An advance decision can
authorise withdrawal of all but basic care in cases of persistent vegetative
states.
Scenario 7
A person with PoA cannot
overrule an advance direction about withdrawal or withholding of
life-sustaining care.
Scenario 8
A woman is seen in the
antenatal clinic at 39 weeks’ gestation. Her blood pressure is 180/110 and she
has +++ of proteinuria on dipstick testing. She has mild epigastric pain. A
scan shows evidence of FGR with the baby on the 2nd. centile.

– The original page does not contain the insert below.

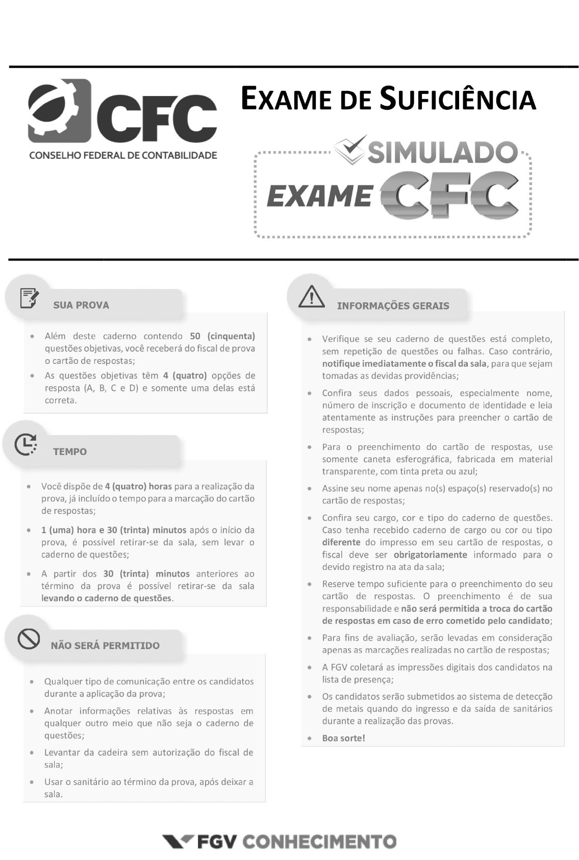 <p>SIMULADO EXAME CFC PÁGINA</p><p>2</p><p>1</p><p>Uma empresa apresentou um lucro líquido de R$ 500.000 ao final do exercício, mas tinha ações preferenciais</p><p>acumuladas que totalizavam R$ 150.000 em dividendos prioritários. Considerando que a empresa possui 50.000</p><p>ações ordinárias em circulação e nenhuma ação preferencial é conversível, qual seria o lucro por ação ordinária a</p><p>ser divulgado nas demonstrações contábeis?</p><p>(A) R$ 10,00</p><p>(B) R$ 7,00</p><p>(C) R$ 7,50</p><p>(D) R$ 6,00</p><p>2</p><p>Uma empresa, ao revisar seus ativos imobilizados, verificou que uma de suas máquinas já não possui mais</p><p>potencial para gerar benefícios econômicos futuros. O valor contábil atual da máquina ainda está registrado no</p><p>balanço, porém ela não será mais utilizada pela companhia. Qual o procedimento correto a ser adotado pela</p><p>entidade em relação a este ativo?</p><p>(A) A empresa deve desreconhecer a máquina, retirando-a do balanço patrimonial.</p><p>(B) A máquina deve permanecer registrada até que esteja totalmente depreciada.</p><p>(C) O ativo deve ser transferido para o passivo circulante como um passivo contingente.</p><p>(D) A máquina deve ser mantida no ativo, mas sua depreciação deve ser acelerada.</p><p>3</p><p>Após o fechamento das demonstrações contábeis do ano de 2023, uma empresa recebeu uma notificação de um</p><p>órgão fiscal, exigindo o pagamento de um passivo que não havia sido provisionado anteriormente. Como a</p><p>empresa deve tratar este evento, considerando que a notificação foi recebida antes da autorização para a emissão</p><p>das demonstrações financeiras?</p><p>(A) A empresa deve manter as demonstrações inalteradas e divulgar o fato nas notas explicativas.</p><p>(B) O ajuste deve ser realizado apenas nas demonstrações do próximo período.</p><p>(C) A empresa deve ajustar as demonstrações financeiras de 2023, reconhecendo o passivo.</p><p>(D) Não é necessário nenhum ajuste, pois o passivo se refere a fatos do período subsequente.</p><p>4</p><p>O Código de Ética Profissional do Contador estabelece regras claras sobre a transferência de trabalhos entre</p><p>profissionais. Suponha que um contador contratado para um determinado projeto precise transferir a execução do</p><p>serviço para outro profissional. Sob quais condições essa transferência pode ser feita, sem infringir o Código de</p><p>Ética?</p><p>(A) Desde que haja autorização expressa por escrito do cliente.</p><p>(B) Caso o outro profissional tenha sido indicado pelo próprio cliente.</p><p>(C) Somente com a aprovação do Conselho Regional de Contabilidade.</p><p>(D) Se o contador informante for sócio do profissional que assumirá o trabalho.</p><p>5</p><p>Uma empresa adquiriu ações próprias para manutenção em tesouraria e pretende vendê-las futuramente. De</p><p>acordo com as normas do CPC, como as ações em tesouraria devem ser tratadas no balanço patrimonial e nas</p><p>SIMULADO EXAME CFC PÁGINA</p><p>3</p><p>demonstrações financeiras da empresa?</p><p>(A) Como ativo circulante, uma vez que poderão ser vendidas.</p><p>(B) Como redutor do patrimônio líquido, até sua venda ou cancelamento.</p><p>(C) Como passivo circulante, já que a empresa deverá se desfazer delas.</p><p>(D) Como ativo imobilizado, por serem bens intangíveis da empresa.</p><p>6</p><p>De acordo com o CPC 46 (R2), o valor justo de um ativo financeiro deve ser medido utilizando os preços</p><p>observáveis em mercados ativos. No entanto, nem sempre o mercado principal está disponível para negociação.</p><p>Nesse caso, a entidade deve:</p><p>(A) Adotar uma abordagem conservadora, registrando o ativo pelo custo histórico corrigido.</p><p>(B) Estimar o valor justo com base nos preços de ativos similares, sem considerar o mercado.</p><p>(C) Não registrar o valor justo até que um mercado adequado esteja disponível.</p><p>(D) Utilizar o preço do mercado mais vantajoso disponível, considerando custos de transação.</p><p>7</p><p>Uma empresa de tecnologia adquiriu direitos sobre patentes que serão usadas para o desenvolvimento de novos</p><p>produtos. Como esses direitos devem ser contabilizados?</p><p>(A) Despesa operacional no exercício de aquisição.</p><p>(B) Passivo circulante até a conclusão do desenvolvimento dos produtos.</p><p>(C) Receita diferida, reconhecida ao longo do tempo.</p><p>(D) Ativo intangível, desde que gerem benefícios econômicos futuros identificáveis.</p><p>8</p><p>Um contador é convidado a assumir um novo projeto de auditoria. Contudo, ao analisar os requisitos técnicos, ele</p><p>percebe que não possui a competência necessária para realizar o trabalho com qualidade. Segundo o Código de</p><p>Ética Profissional, o contador deve:</p><p>(A) Recusar o convite e informar ao cliente sobre sua limitação técnica.</p><p>(B) Aceitar o projeto, mas buscar capacitação durante a execução.</p><p>(C) Delegar a responsabilidade a outro contador, sem necessidade de comunicar o cliente.</p><p>(D) Aceitar o projeto, contanto que haja supervisão de um contador mais experiente.</p><p>9</p><p>Segundo a Lei das Sociedades por Ações, as demonstrações financeiras devem ser elaboradas de forma a fornecer</p><p>informações úteis para a tomada de decisões econômicas pelos usuários. Com base nisso, como a empresa deve</p><p>descrever os princípios e métodos contábeis utilizados para preparar suas demonstrações?</p><p>(A) Em um relatório separado, exclusivo para os auditores independentes.</p><p>(B) Nas Notas Explicativas que acompanham as demonstrações financeiras.</p><p>(C) No Relatório da Administração, junto às projeções financeiras.</p><p>(D) No Balanço Patrimonial, junto à descrição dos principais ativos.</p><p>10</p><p>SIMULADO EXAME CFC PÁGINA</p><p>4</p><p>Em uma papelaria, quais dos seguintes itens deve ser considerado um ativo não monetário de aco

Doppler studies of the umbilical artery are abnormal and a non-stress CTG shows
loss of variability and variable decelerations. She is advised that she appears
to have severe pre-eclampsia and is at risk of eclampsia and of intracranial
haemorrhage. She is told of the associated risk of mortality and morbidity. She
is also advised that the baby is showing evidence of severe FGR and has
abnormal Doppler studies and CTG which could lead to death or hypoxic damage.
She declines admission or treatment. She says she trusts in God and wishes to
leave her fate and that of her baby in His hands. She is seen by a psychiatrist
who assesses her as competent under the MCA and with no evidence of mental
disorder. The obstetrician wants to apply to the COP for an order for
compulsory treatment. Can he do this?
Scenario 9
A woman is admitted at 36
weeks’ gestation with evidence of placental abruption. She is semi-comatose and
shocked. There is active bleeding and the cervical os is closed. Fetal heart
activity is present but with bradycardia and decelerations. The consultant
decides that Caesarean section is the best option to save her live and that of
the baby. When reading the notes, the registrar comes across an advance notice
drawn up by the woman and her solicitor. It states that she does not wish
Caesarean section, regardless of the risk to her and the baby. The consultant
tells the registrar that they can ignore it now that she is no longer competent
and get on with the Caesarean section for which she will be thankful
afterwards. The registrar says that the advance notice is binding. Who is
correct?
Scenario 10
An 8 year old girl is admitted
with abdominal pain. Appendicitis with peritonitis is diagnosed and surgery is
advised. The parents decline treatment on religious grounds. Can the consultant
in charge overrule the parents and give consent?